Costs increased in absolute terms and as a percentage of net sales, to 14.9% of net sales. Again, this was associated with the new mix of business activities. A higher gross margin normally also means higher costs. What ultimately matters is that the net total of these two figures contributes towards the improvement, and this was reflected in the operating result, which stood at €90 million, representing 5.4% of net sales (2005: €74 million, representing 4.8%). Interest expense roughly doubled in comparison with 2005, a result of financing the acquisitions. Sligro Food Group ultimately recorded a net profit of €62 million, representing an increase of 22%.
The division into the Food Service, Food Retail and Retail Property units shows that about 70% of net sales are achieved within Food Service and about 30% in Food Retail. Results in Food Service improved substantially, for two reasons: the acquisition of Inversco and the accelerated integration of Ven in 2005. The benefits became visible in 2006. The operating result of Food Retail also improved, through organic growth.
The cash flow statement shows that the cash flow from operating activities increased sharply, from €48 million to €79 million. In addition to regular investments, the statement also includes the acquisitions: €89 million for Inversco and €80 million for S&S Winkels. New loans amounting to some €125 million were taken out for these acquisitions.
In the Sligro Food Group balance sheet, intangible fixed assets more than doubled, to €154 million. Goodwill paid for Inversco largely accounts for the increase. Receivables also rose, including the €55 million in financing for S&S Winkels. The balance sheet also shows a sharp increase in debtors, naturally also in connection with the acquisitions. Shareholders' equity rose from €265 million as at 31 December 2005 to €313 million at year-end 2006.
Total net profit was 22% higher. Earnings per share increased by almost 21%, to €2.93 per share. The proposed appropriation of profit is raised in Item 4b of the agenda. A 15% increase in the dividend is proposed, to €1.15 per share. Mr. van Rozendaal concluded his presentation with a review of the results for the past 10 years. This showed a steady increase in net sales, operating result, net profit and profit and dividend per share.

Foodretail (A.J.M. Voets)
Mr. Voets explained the main developments in Food Retail, covering the following topics.

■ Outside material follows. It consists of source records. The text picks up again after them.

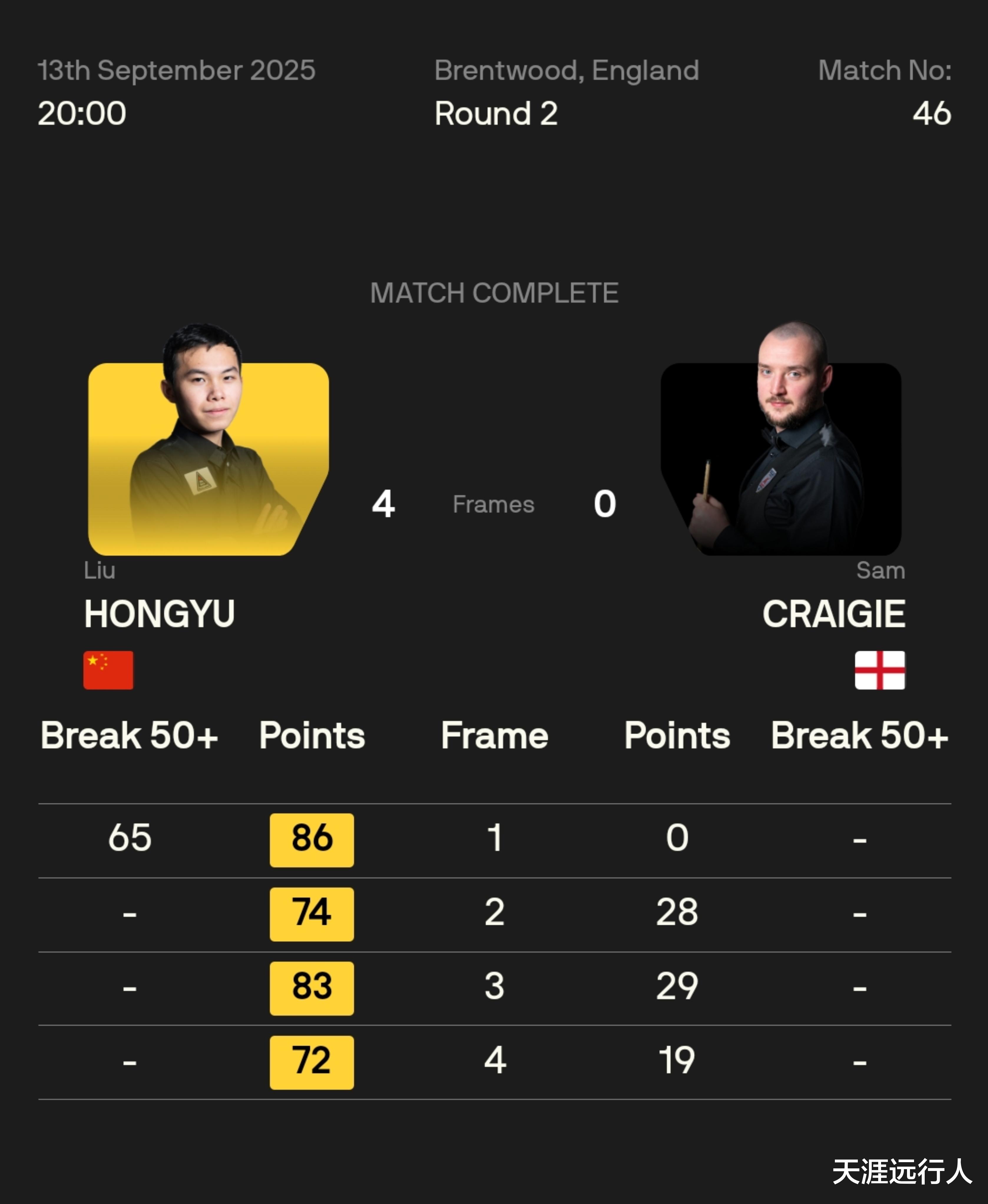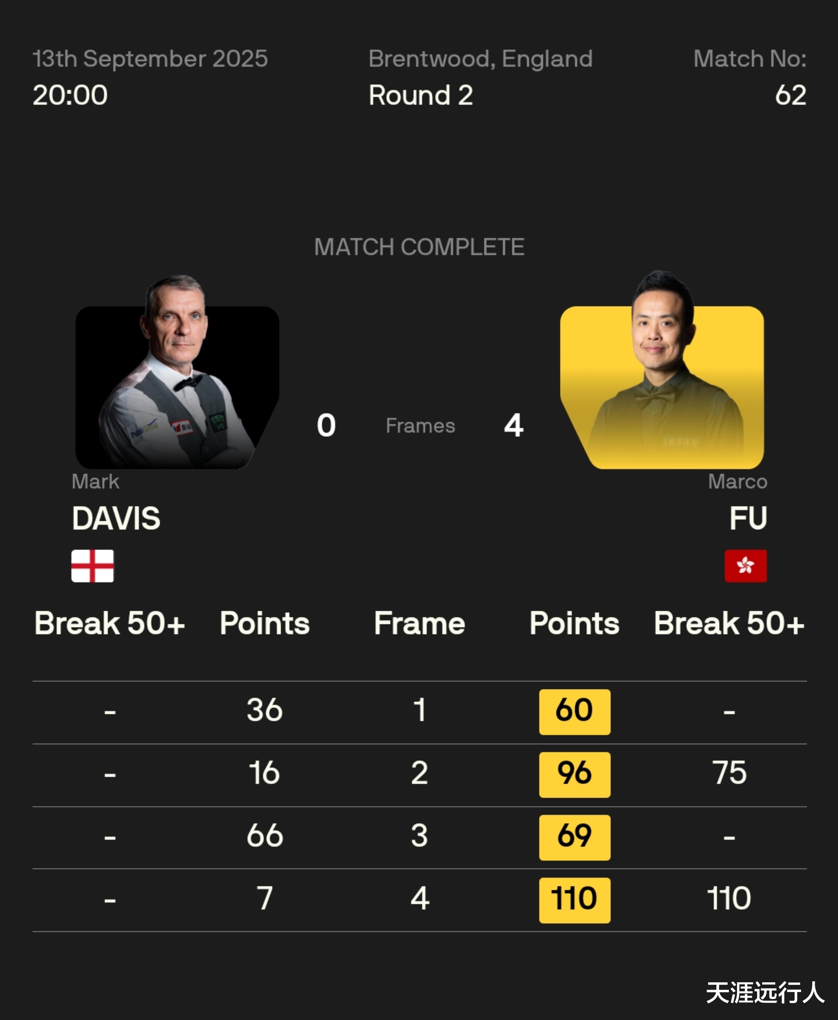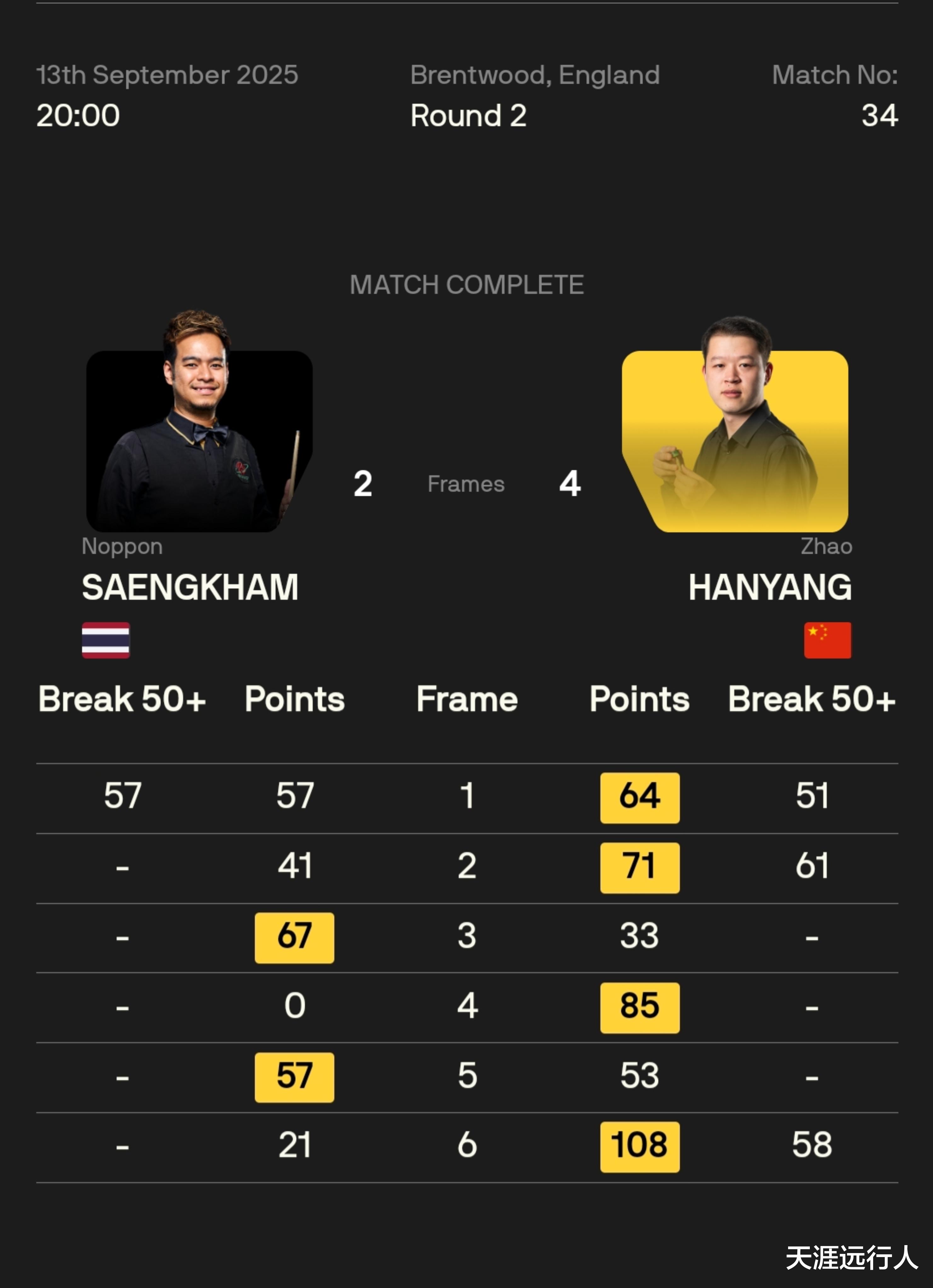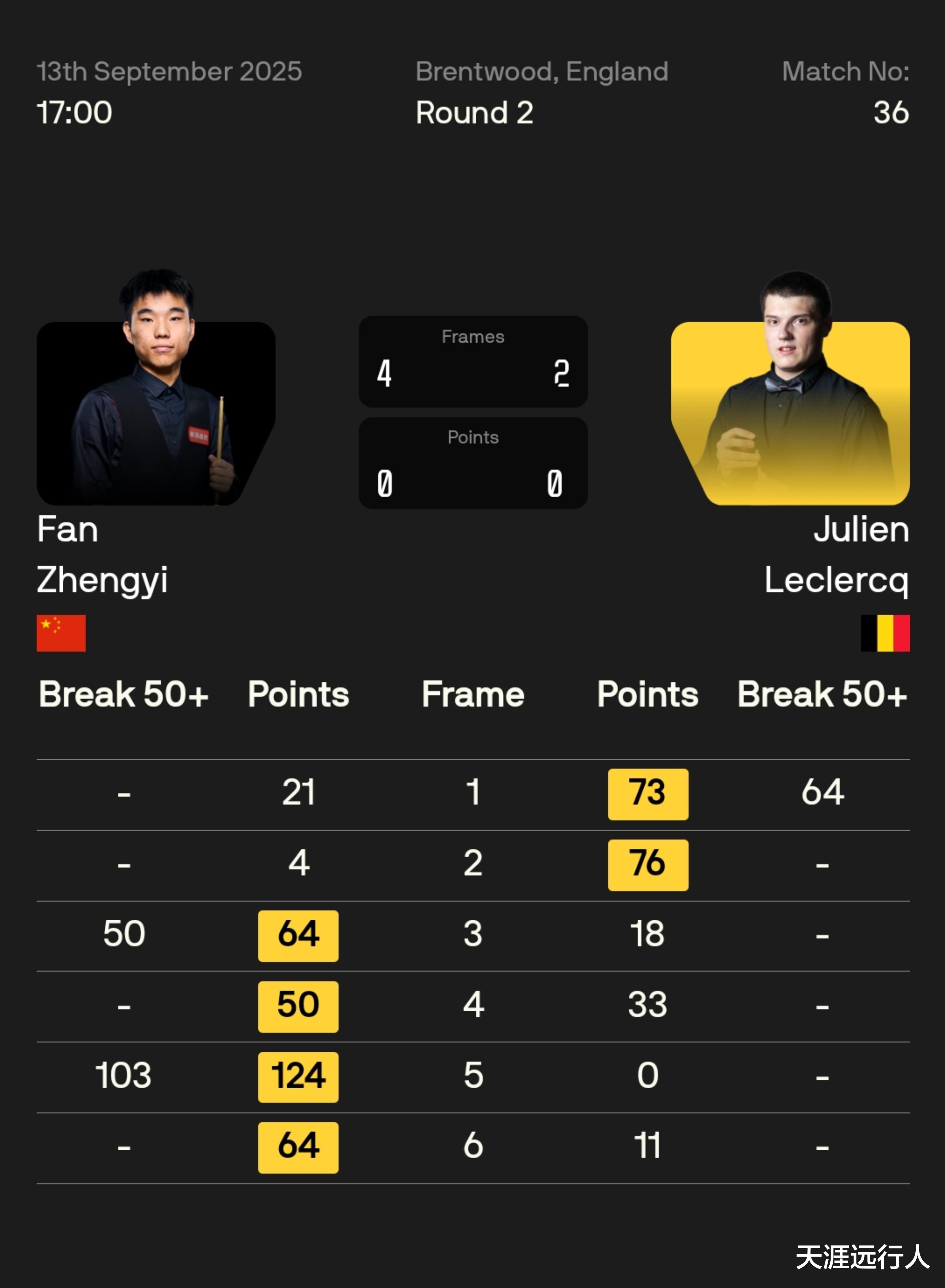北京时间9月14日凌晨5时39分,2025斯诺克英格兰公开赛第二轮96进64轮次前半程的16场角逐,全部决出了胜负。
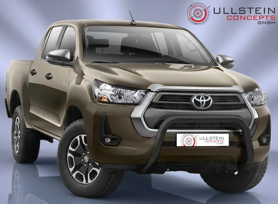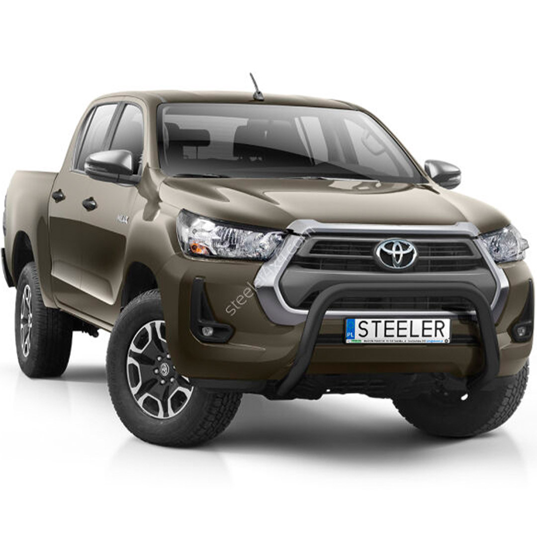 The wide front protection bar with cross reliably protects the bumper from mechanical damage and gives the Toyota Hilux a striking appearance.
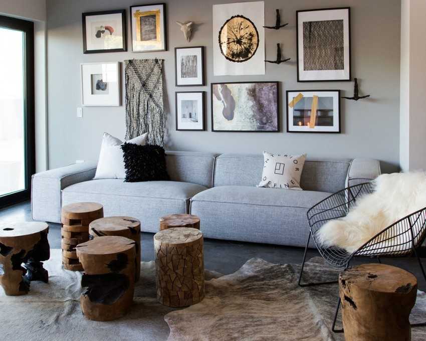 Серый диван в гостиной
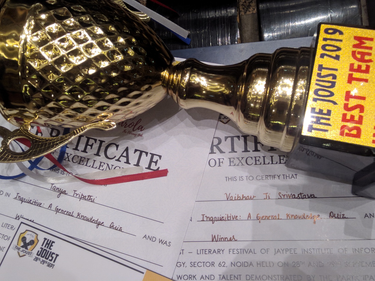 Team Quizzinga secured FIRST position in the INQUIZITIVE - The GENERAL QUIZ organized by Parola - The Literary Hub of JIIT, is the annual literary festival of Jaypee Institute of Information Technology.
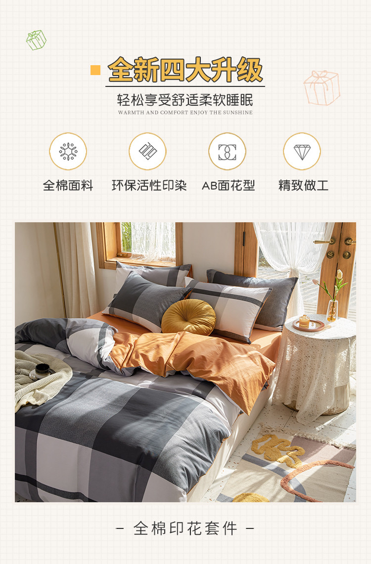 (总)仟网汇 2026新款亲肤舒适仿棉印花床盖四件套,豹纹喵咖,蛋糕派,灰小格,马戏团,萌萌兔,梦幻灰,梦幻紫,南瓜季,泡芙小象,皮皮狗,奇奇,圣诞夜,甜心喵,童趣,五彩斑斓,小木马,小时光,小熊头,鱼多多,逐梦,组合图仅供参考不可下单
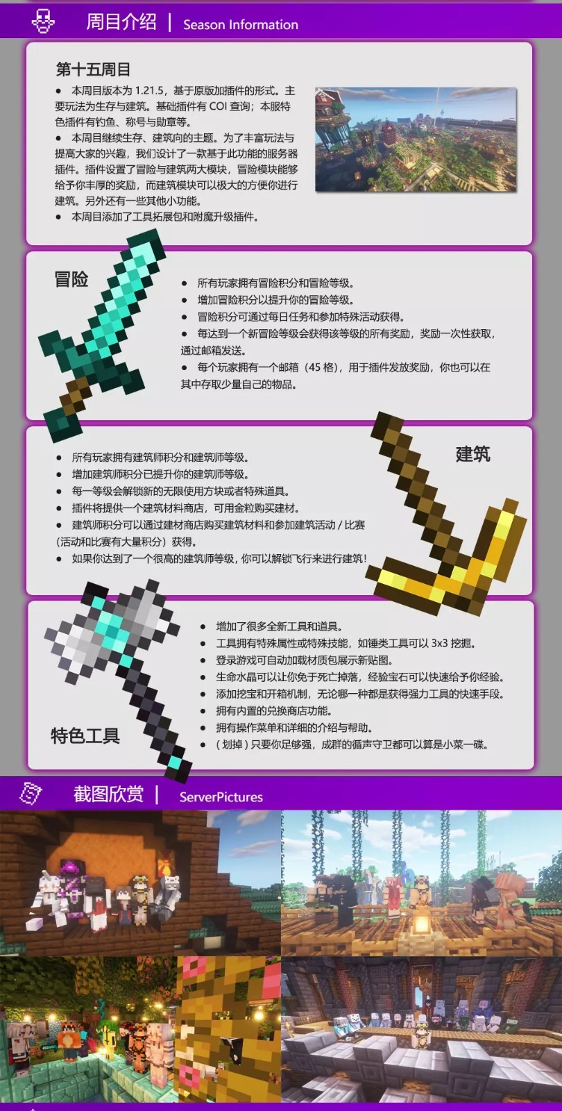 ● 本周目继续生存、建筑向的主题。为了丰富玩法与提高大家的兴趣,我们设计了一款基于此功能的服务器插件。插件设置了冒险与建筑两大模块,冒险模块能够给予你丰厚的奖励,而建筑模块可以极大的方便你进行建筑。另外还有一些其他小功能。
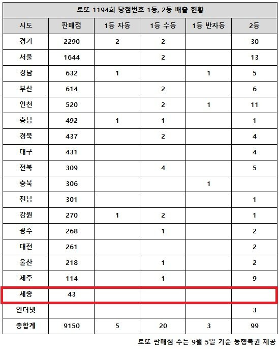 지역별 판매 현황 로또 판매는 전국적으로 이루어지며, 각 지역별로 당첨자 수가 다르게 나타났습니다. 예를 들어, 세종시는 43개의 판매점이 있었지만 1등 당첨자는 없고, 2등 당첨자는 3명이 나왔습니다. 전체적으로 9,150개의 판매점에서 5명의 1등 당첨자와 20명의 2등 당첨자가 나왔습니다.
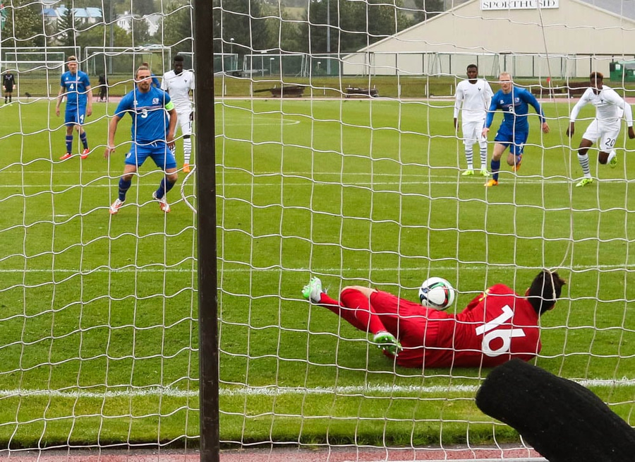 Mark úr víti!Oliver Sigurjónsson (f) (Ísland U21)
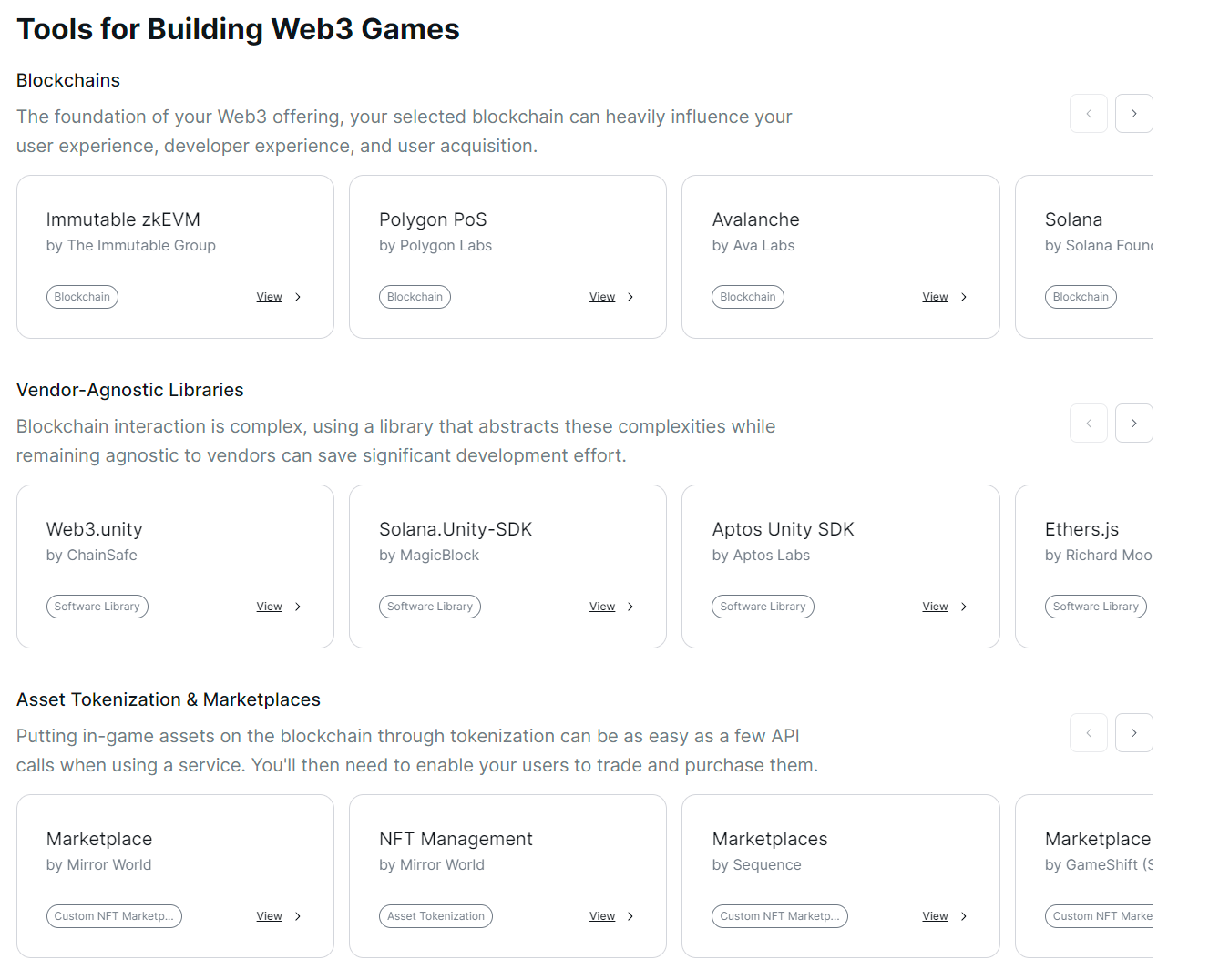 The Builder’s Guide is organized primarily by common web3 project types and the solutions and critical layers that support them. Click through to the solution type that aligns with your project or scroll to the bottom to search for a specific toolset in mind. Each solution page lays out basic definitions and parameters to keep in mind, then suggests all of the tools and providers you need to bring the solution to life.
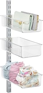 mDesign プラスチック壁取り付け容器 金属製ハンギングバー付き 再配置可能な容器 クローゼットの収納と整理に ベルト、レギンス、靴、財布、スカーフを収納 高さ3インチ 3個セット クリア
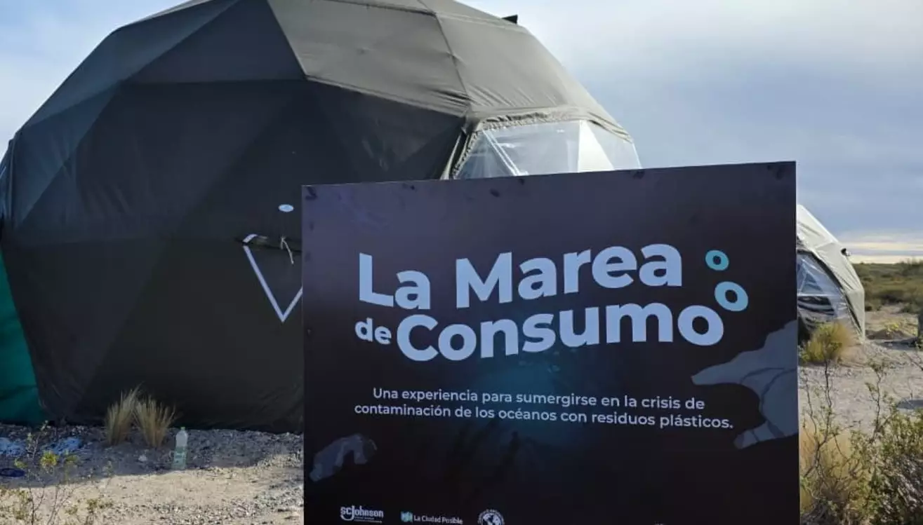 Bajo el nombre, «La Marea de Consumo», se trata de una experiencia inmersiva dentro de un domo geodésico, que revela el impacto de hábitos de consumo en el ecosistema más grande del planeta y las especies que lo habitan. La muestra es parte de Recupera & Transforma, programa impulsado por La Ciudad Posible con apoyo de SC Johnson

Firstly, he discussed market trends in 2006 and a brief look ahead to 2007, followed by developments within Sligro Food Group regarding supermarkets. He then covered the conversion of Edah into EM-TÉ outlets, Golff and MeerMarkt, the present status of the converted supermarkets and finally the situation expected by year-end 2007.
Developments in the Sligro Food Group's retail activities are marked by standardisation and co-ordination of the EM-TÉ and Golff formats. A single private label has been chosen, and the ranges have been harmonised and standardised. Distribution has been transferred from Kaatsheuvel to Kapelle. The new EM-TÉ outlets can easily be incorporated in the operations of the distribution centre in Kapelle. The ICT has also been fully harmonised and integrated into Sligro Food Group. The off-licences have been converted into smaller 'drinks shops', which sell spirits only. Beer and wine are sold in the supermarkets. In other respects, the lay-out and design of the Golff and EM-TÉ outlets is now virtually the same.
Following the announcement of the acquisition of the Edah supermarkets by Sperwer and Sligro Food Group, it was announced that Sligro Food Group would acquire 60 supermarkets for €80 million. It has since become clear that Sligro Food Group will take over 80 supermarkets, not 60, while the investment in the acquisition will remain unchanged, at the original €80 million. About 60 of the 80 outlets will be converted into EM-TÉ supermarkets, bringing the total number of EM-TÉ outlets to about 80 by year-end 2007. The number of Golff outlets will rise from 57 to about 70, and another five MeerMarkt supermarkets will be added.

Foodservice (K. Slippens)
The following topics were covered, in succession: general market trends relating to Food Service, specific developments at Sligro Food Group in this area, Inversco and finally, a presentation of Sligro Food Group’s catering formats. The economic recovery is important for the Food Service market, as this creates confidence, and increases consumer propensity to spend on entertainment and eating out. Quality and supply also improve. Eating out is becoming an increasingly acceptable alternative to eating at home.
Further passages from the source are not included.